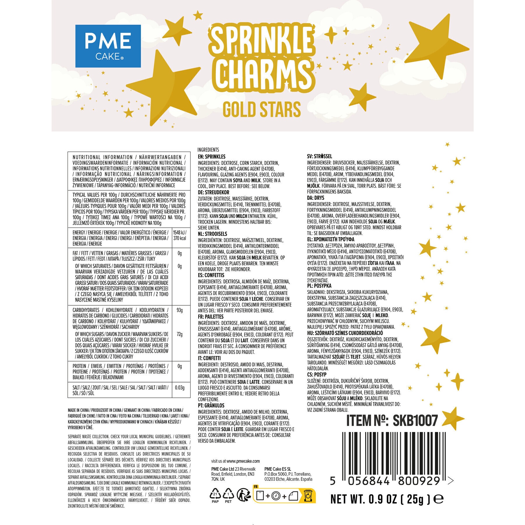 Ingrédients: dextrose, amidon de maïs, dextrine, épaississant (E414), anti-agglomérant (E470B), arôme, agents d'enrobage (E904, E903), colorant (E172).
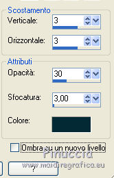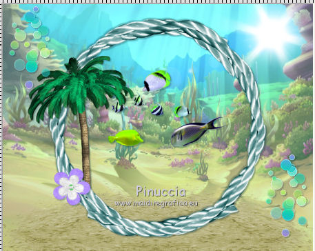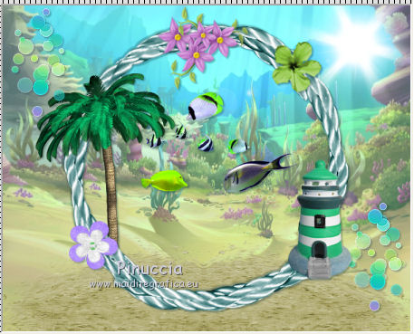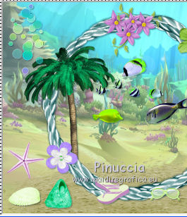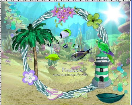 qui puoi trovare qualche risposta ai tuoi dubbi. Se l'argomento che ti interessa non è presente, ti prego di segnalarmelo. Questo tutorial è una creazione di ©Titoune e non può essere copiato su altri siti nè essere offerto per il download. Lo stesso vale per la mia traduzione. Il tutorial è stato creato con PSP X5, ma può essere eseguito anche con le altre versioni di PSP. Secondo la versione utilizzata (anteriore a PSP X) potresti ottenere dei risultati differenti. Dalla versione X4, il comando Immagine>Rifletti è stato sostituito con Immagine>Capovolgi in orizzontale, e il comando Immagine>Capovolgi con Immagine>Capovolgi in verticale. Nelle versioni X5 e X6, le funzioni sono state migliorate rendendo disponibile il menu Oggetti. Vedi la scheda sull'argomento qui Per tradure il tutorial ho usato PSP X. Occorrente: Un tube a scelta. Il resto del materiale qui ![]() 1. Apri una nuova immagine trasparente 750 x 600 pixels. 2. Apri l'elemento frame3 e vai a Modifica>Copia. Torna al tuo lavoro e vai a Modifica>Incolla come nuovo livello. Non spostarlo. 2. Attiva lo strumento Bacchetta magica ![]() e clicca al centro della cornice per selezionarla. Selezione>Inverti. 3. Attiva il livello inferiore. Apri l'immagine decors-winx-club-saison-5-fonds-marins_3844656-L, e vai a Modifica>Copia. Torna al tuo lavoro e vai a Modifica>Incolla nella selezione. 4. Selezione>Inverti. Livelli>Nuovo livello raster. Modifica>Incolla nella selezione (l'immagine è ancora in memoria). Selezione>Deseleziona. 5. Attiva il livello superiore della cornice. ![]() Effetti>Effetti 3D>Sfalsa ombra, colore #062b34. ![]() Ripeti l'Effetto Sfalsa ombra, cambiando verticale e orizzontale con -3. 6. Apri l'elemento sand e vai a Modifica>Copia. Torna al tuo lavoro e vai a Modifica>Incolla come nuovo livello. Spostalo in basso.Se stai usando CorelX15 o CorelX16: Oggetti>Allinea>Inferiore Porta questo livello sotto il livello della cornice. ![]() 7. Attiva nuovamente il livello superiore. Apri l'elemento dots e vai a Modifica>Copia. Torna al tuo lavoro e vai a Modifica>Incolla come nuovo livello. Spostalo in alto a sinistra.Vedi l'esempio finale. Effetti>Effetti 3D>Sfalsa ombra, colore #062b34. ![]() Livelli>Duplica. Sposta questo elemento in basso a destra.![]() 8. Apri l'elemento sun glare, e vai a Modifica>Copia. Torna al tuo lavoro e vai a Modifica>Incolla come nuovo livello. Spostalo in alto a destra.Vedi l'esempio finale. Niente Sfalsa ombra. 9. Apri l'elemento palm tree, e vai a Modifica>Copia. Torna al tuo lavoro e vai a Modifica>Incolla come nuovo livello. Spostalo nella parte sinistra della cornice.Vedi l'esempio finale. Porta questo livello sotto il livello della cornice. 10. Livelli>Duplica. Livelli>Disponi>Sposta su (sopra il livello della cornice). Attiva lo strumento Gomma ![]() e cancella la base del tronco che deborda sulla cornice. ![]() Attiva il livello originale dell'elemento. Effetti>Effetti 3D>Sfalsa ombra, colore #062b34. ![]() 11. Attiva il livello superiore. Apri l'elemento flower1, e vai a Modifica>Copia. Torna al tuo lavoro e vai a Modifica>Incolla come nuovo livello. Spostalo nella parte inferiore sinistra della cornice.Vedi l'esempio finale. Effetti>Effetti 3D>Sfalsa ombra, con i settaggi precedenti. 12. Apri l'elemento fish, e vai a Modifica>Copia. Torna al tuo lavoro e vai a Modifica>Incolla come nuovo livello. Spostalo al centro della cornice.Porta questo livello sotto il livello della cornice. ![]() Effetti>Effetti 3D>Sfalsa ombra, con i settaggi precedenti. 13. Attiva il livello della cornice. Apri l'elemento element37, e vai a Modifica>Copia. Torna al tuo lavoro e vai a Modifica>Incolla come nuovo livello. Spostalo nella parte superiore della cornice.Vedi l'esempio finale. Effetti>Effetti 3D>Sfalsa ombra, con i settaggi precedenti. 14. Apri l'elemento hibiscus, e vai a Modifica>Copia. Torna al tuo lavoro e vai a Modifica>Incolla come nuovo livello. Spostalo nella parte superiore destra della cornice.Vedi l'esempio finale. Effetti>Effetti 3D>Sfalsa ombra, con i settaggi precedenti. 15. Apri l'elemento lighthouse, e vai a Modifica>Copia. Torna al tuo lavoro e vai a Modifica>Incolla come nuovo livello. Spostalo nella parte inferiore destra della cornice.![]() Effetti>Effetti 3D>Sfalsa ombra, con i settaggi precedenti. 16. Apri l'elemento bird, e vai a Modifica>Copia. Torna al tuo lavoro e vai a Modifica>Incolla come nuovo livello. Spostalo nella parte destra della cornice.Vedi l'esempio finale. Effetti>Effetti 3D>Sfalsa ombra, con i settaggi precedenti. 17. Apri l'elemento boat, e vai a Modifica>Copia. Torna al tuo lavoro e vai a Modifica>Incolla come nuovo livello. Spostalo in basso a destra.Vedi l'esempio finale. Effetti>Effetti 3D>Sfalsa ombra, con i settaggi precedenti. 18. Apri l'elemento glasses, e vai a Modifica>Copia. Torna al tuo lavoro e vai a Modifica>Incolla come nuovo livello. Spostalo in basso.Vedi l'esempio finale. Effetti>Effetti 3D>Sfalsa ombra, con i settaggi precedenti. 19. Apri l'elemento flip flops, e vai a Modifica>Copia. Torna al tuo lavoro e vai a Modifica>Incolla come nuovo livello. Sposta anche questo elemento in basso.![]() Effetti>Effetti 3D>Sfalsa ombra, con i settaggi precedenti. 20. Apri l'elemento shell2, e vai a Modifica>Copia. Torna al tuo lavoro e vai a Modifica>Incolla come nuovo livello. Spostalo in basso a sinistra.Vedi l'esempio finale. Effetti>Effetti 3D>Sfalsa ombra, con i settaggi precedenti. 21. Apri l'elemento shell1, e vai a Modifica>Copia. Torna al tuo lavoro e vai a Modifica>Incolla come nuovo livello. Sposta anche questo elemento in basso a sinistra.Vedi l'esempio finale. Effetti>Effetti 3D>Sfalsa ombra, con i settaggi precedenti. 22. Apri l'elemento starfish, e vai a Modifica>Copia. Torna al tuo lavoro e vai a Modifica>Incolla come nuovo livello. Spostalo in basso a sinistra.![]() Effetti>Effetti 3D>Sfalsa ombra, con i settaggi precedenti. 23. Apri il tuo tube, e vai a Modifica>Copia. Torna al tuo lavoro e vai a Modifica>Incolla come nuo
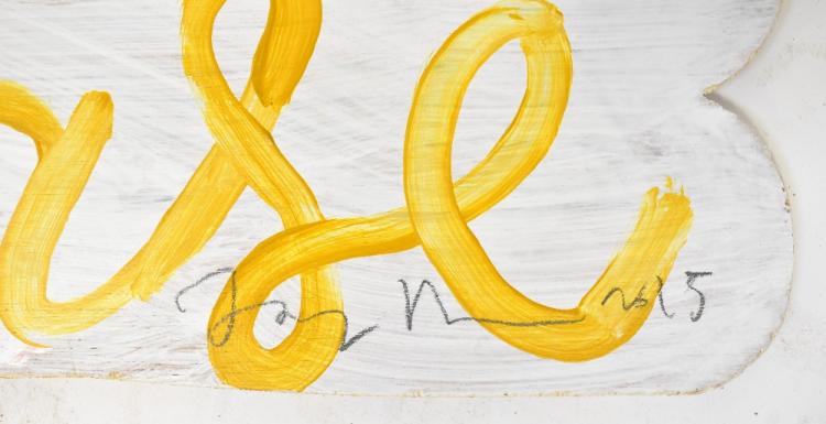 Lot 87 of 104: JONNY HANNAH; oil on board, shop sign 'Heart and Hand Emporium', 190 x 40cm.
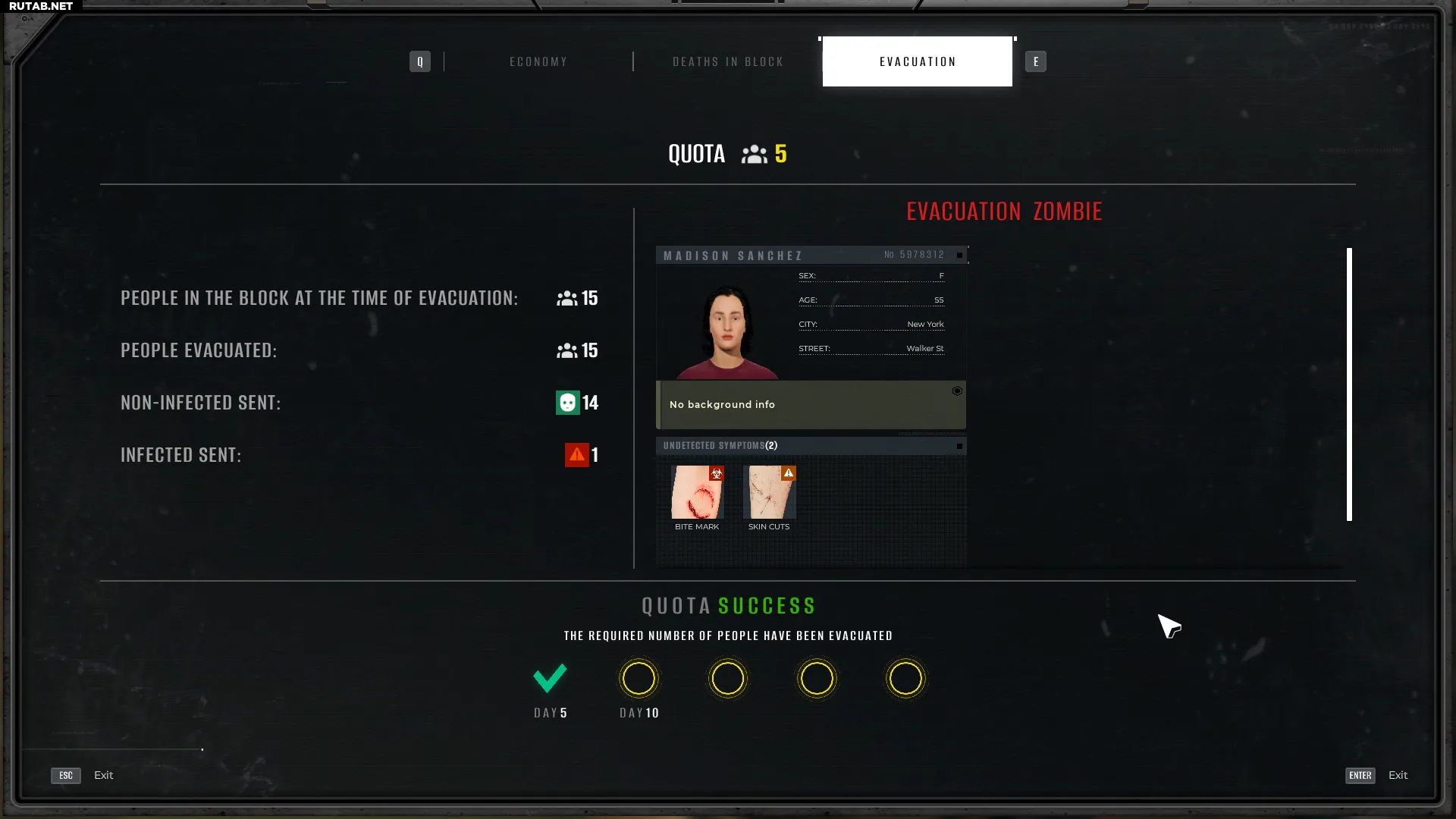 Когда выживший проходит через КПП в Карантинной зоне: Последняя проверка, игрок должен проанализировать его состояние, чтобы понять, достаточно ли оно хорошее для допуска в лагерь до эвакуации. Однако это не всегда так, и часто приходится решать, что делать с выжившими, чьё состояние плохое или вызывает сомнения.
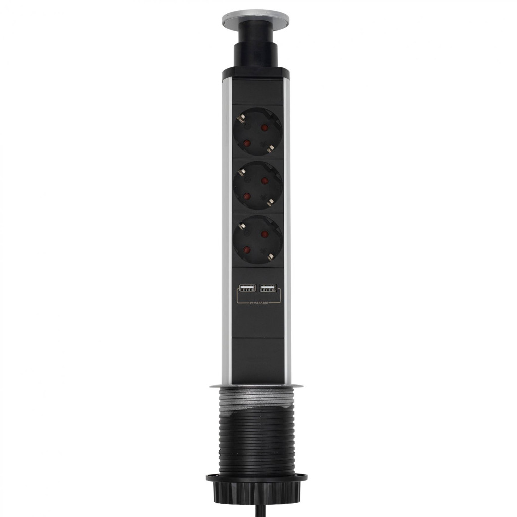 Home NVE 3/USB süllyesztett elosztó USB töltőaljzatokkal, 1,4 m, 3 földelt aljzat gyermekvédelemmel, asztalba, munkalapba építhető, süllyeszthető, max. 3680 W, NVE_3_USB

* * * * *

» **WORK ORDER**: Repeat exactly the lines from the one containing "Когда выживший проходит" to the last line of the records above, including both, and leave out any pictures.

» **TASK RESULT**:
 Когда выживший проходит через КПП в Карантинной зоне: Последняя проверка, игрок должен проанализировать его состояние, чтобы понять, достаточно ли оно хорошее для допуска в лагерь до эвакуации. Однако это не всегда так, и часто приходится решать, что делать с выжившими, чьё состояние плохое или вызывает сомнения.
 Home NVE 3/USB süllyesztett elosztó USB töltőaljzatokkal, 1,4 m, 3 földelt aljzat gyermekvédelemmel, asztalba, munkalapba építhető, süllyeszthető, max. 3680 W, NVE_3_USB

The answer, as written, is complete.